**WORKING DATA**
%%

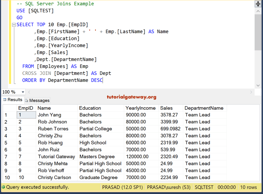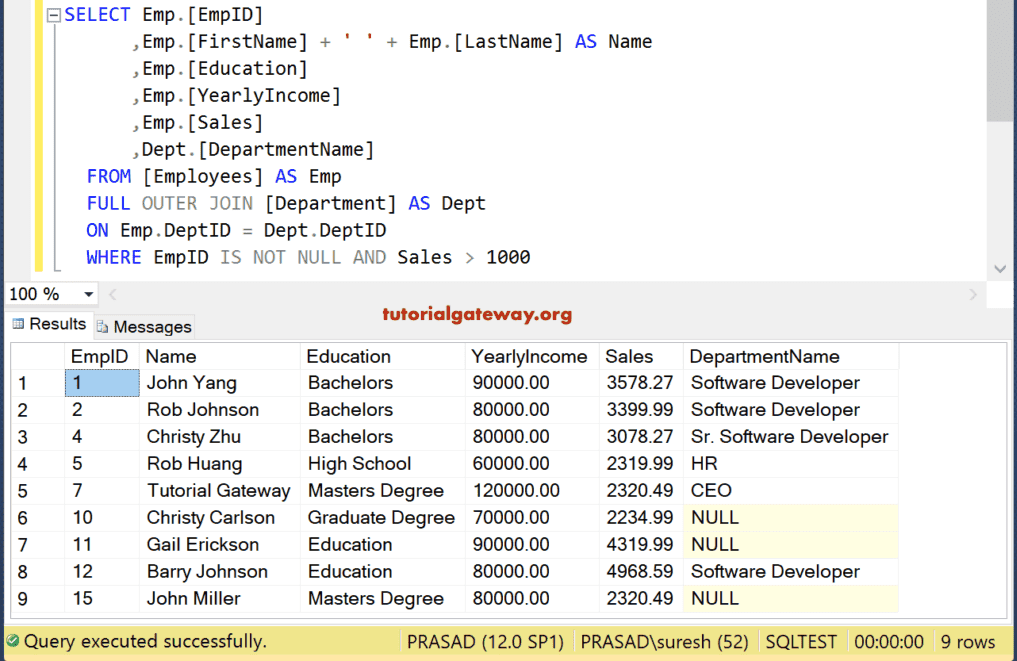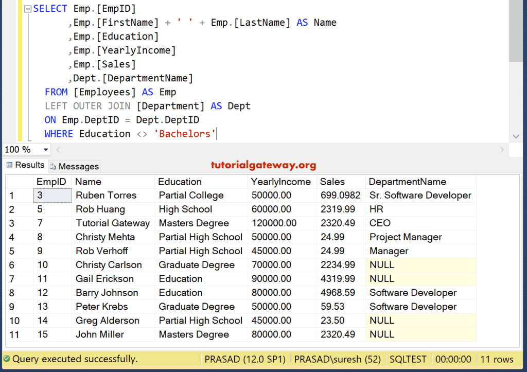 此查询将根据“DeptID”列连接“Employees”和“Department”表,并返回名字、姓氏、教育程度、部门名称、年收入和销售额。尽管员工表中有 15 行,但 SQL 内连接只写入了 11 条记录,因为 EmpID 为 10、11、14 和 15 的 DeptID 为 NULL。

%%
%%

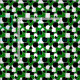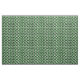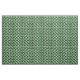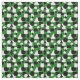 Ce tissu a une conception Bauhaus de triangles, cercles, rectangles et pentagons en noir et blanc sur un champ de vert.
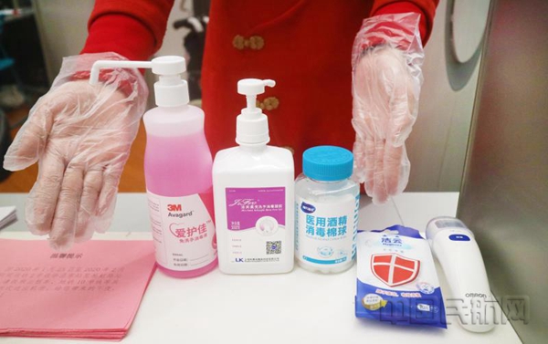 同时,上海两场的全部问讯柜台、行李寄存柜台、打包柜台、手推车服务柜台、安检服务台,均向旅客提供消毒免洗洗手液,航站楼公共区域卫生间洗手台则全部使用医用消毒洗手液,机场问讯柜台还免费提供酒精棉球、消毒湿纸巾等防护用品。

%%

**WHAT YOU ARE ASKED TO DO**
Return exactly the stretch above whose first line contains "Ce tissu a une" and whose last line contains "同时,上海两场的全部问讯柜台", and nothing outside it. The pictures should not appear.

**ANSWER FOR THE TASK**
 Ce tissu a une conception Bauhaus de triangles, cercles, rectangles et pentagons en noir et blanc sur un champ de vert.
 同时,上海两场的全部问讯柜台、行李寄存柜台、打包柜台、手推车服务柜台、安检服务台,均向旅客提供消毒免洗洗手液,航站楼公共区域卫生间洗手台则全部使用医用消毒洗手液,机场问讯柜台还免费提供酒精棉球、消毒湿纸巾等防护用品。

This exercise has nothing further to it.